I think people are surprised. It’s like finding out gravity is a sham. Many of the participants in the music industry and particularly in the electronic music industry have unknowingly built their careers or at least their aspirations for one on a dead, discredited theory written by a techno-utopian magazine editor with no education in economics. There wasn’t supposed to be this mass of unsold tracks. They were supposed to sell a few copies of each. The shelf was infinite. Less of more.
The unspoken but universally held laws that guided the digital music industry for the last two decades weren’t true. They were never true.

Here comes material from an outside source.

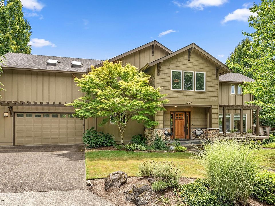 Nestled in the highly sought-after Forest Heights community of SW Portland, but within an enclave with no HOA dues, this elegant 5-bedroom, 3.5-bath Craftsman home offers the perfect blend of modern design, smart floor plan, and three levels of living. Designed with an open, flowing floor plan, this home is filled with natural light and features three expansive decks/patios with stunning south and west-facing views: ideal for relaxing or entertaining. Level lawn in both the front & back yards allow for easy childs' play! A welcoming front patio sets the tone for gracious living, while the formal living and dining rooms provide sunlit spaces for summer entertaining or gathering by the fire in the wintertime! The bright and airy kitchen opens to a generous sized family room and breakfast nook, with direct access to a sunny, private BBQ deck. The family room has a floor to ceiling river rock fireplace which grounds the room, and is surrounded by walls of windows that lets the light pour in. Upstairs, the serene primary suite boasts southerly views, a spa-like bath with dual sinks, soaking tub, walk-in shower, and a generous closet. Three additional spacious bedrooms and a dedicated home office complete the upper level. The lower level offers a large bonus/flex room with a full bar, wine cellar, and walkout access to a level lawn. This home has an incredible amount of clean, dry storage throughout, so everything hs its own place. Enjoy the Forest Heights lifestyle with top-rated schools, walking paths, public parks, scenic trails, and a quaint town center, all just minutes from Nike, Intel, OHSU, and downtown Portland. Welcome home! [Home Energy Score = 3. HES Report at https://rpt.greenbuildingregistry.com/hes/OR10126038]
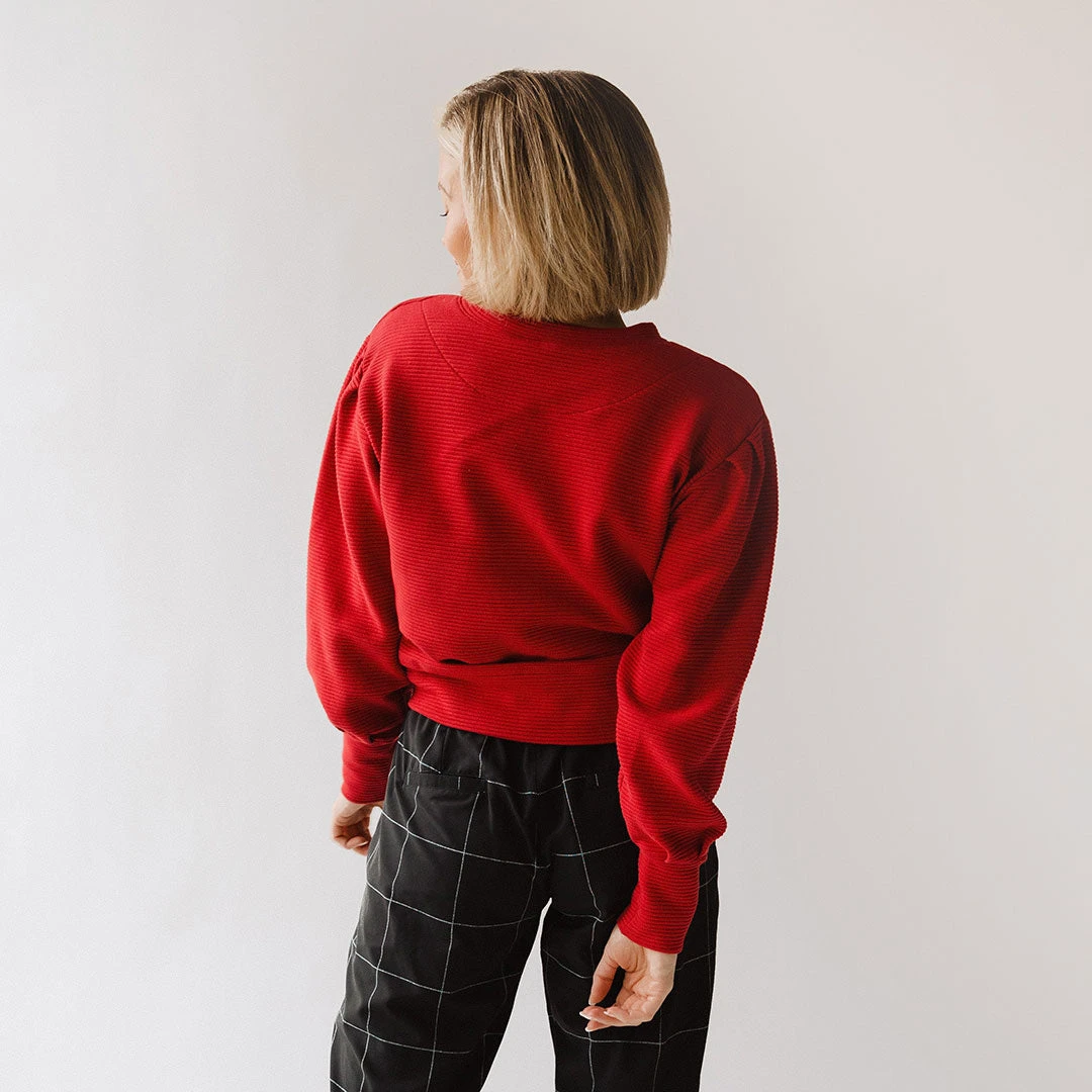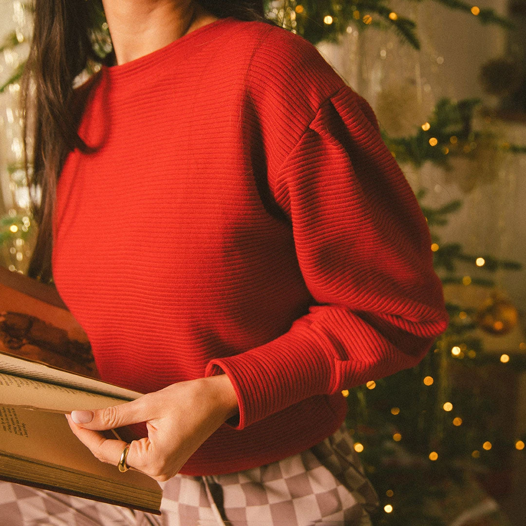 Nothing grabs our attention more than this gorgeous red shade! It’s our Atlas Ribbed Sweater in a festive new color that will tie together any outfit. Our favorite things about this top include its soft textured fabric and flattering crew-neck fit.

Everyone told you that releasing 52 tracks a year was better than 14, that more tracks meant a higher royalty statement, that you have to “get on all platforms” for some kind of ledger-bound magic to happen and make you rich. Moreover, if you didn’t get rich, the problem wasn’t the system: it was you. It wasn’t the inevitable result of an economic theory based on bullshit. It didn’t fail: you did.
And it turns out it was nothing but a great big fraud.
Probably a typo, but by way of correction, the biggest Towers like NY and Boston had 120,000+ audio titles. The smaller stores had at least 25-30k.
On the other hand, Tower Records and most other record store chains are gone (w Wal-Mart and Target slowly getting rid of music sections too) because Amazon crushed them with its long tail. They also crushed a lot of other retailers. They have virtually everything and for less money. Even books and music and DVDs that are out of print are available on Amazon, making trips to used record stores and used bookstores pointless too. It’s useful to say that storing albums that have not sold a single copy is pretty pointless. But a store with every Miles Davis album (Amazon) is better than a store with one copy of Kind of Blue, no? Joni Mitchell albums wouldn’t make the Top 200 of Billboard this week. Does that really mean no one should bother having them on their streaming service? When it comes to sales, maybe only one retailer gets a long tail and its wielded by Jeff Bezos.